Yes, Oldham said; just because the plaintiffs have “repeated” those assertions does not make them so.
"So, after the 29th it’ll be business as usual?" Yeakel followed up.
"I don’t pretend that I can see the future," Oldham said. "So what will happen on Tuesday, I don’t know, but they haven’t proved it to the court."
In rebuttal, Crepps said she was “surprised” to hear Oldham’s argument that appeared to stop just short of “calling our witnesses dishonest” about what they say will happen next week if the law is not blocked.
She suggested that Oldham’s assertion is just a “backdoor way of arguing” that the plaintiffs, instead of suing now and making a facial challenge before the law takes effect, should have to wait until after the law’s effects are felt, and “that we would have to wait for the disastrous consequences…before we can [seek] any Constitutional relief.”

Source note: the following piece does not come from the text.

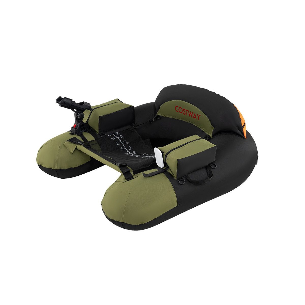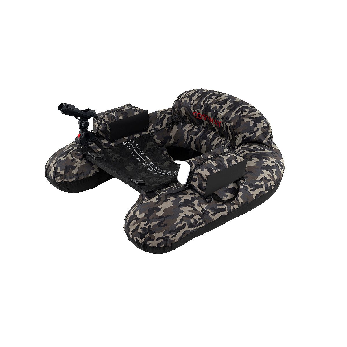 Dieses Belly Boat bietet zusätzlichen Stauraum für den Angelkomfort, einschließlich 2 geräumiger Aufbewahrungsboxen, eines verstellbaren Angelrutenhalters und eines Fischmaßstabs. Genießen Sie überlegenen Auftrieb mit 2 unabhängigen Luftkammern. Das Aluminium-Paddel und die 2 Flossen ermöglichen es, enge Kurven einfach zu handhaben und Hindernisse zu umschiffen. Die Inflation und der Transport sind mit der enthaltenen manuellen Pumpe und den Trägern ein Kinderspiel.

There is little doubt that whoever loses will appeal the decision to the 5th U.S. Circuit Court of Appeals – and potentially to the U.S. Supreme Court – a reality Yeakel noted several times during the trial in asking the lawyers to keep their arguments focused specifically on whether the Texas provisions are legal under the high court’s precedent. Similar provisions have been successfully challenged in a number of states – including in Oklahoma, where an appeal based on a medication abortion provision is pending before the Supreme Court. Hospital admitting privilege provisions have been enacted – and blocked – in Mississippi, Alabama, Wisconsin, and North Dakota.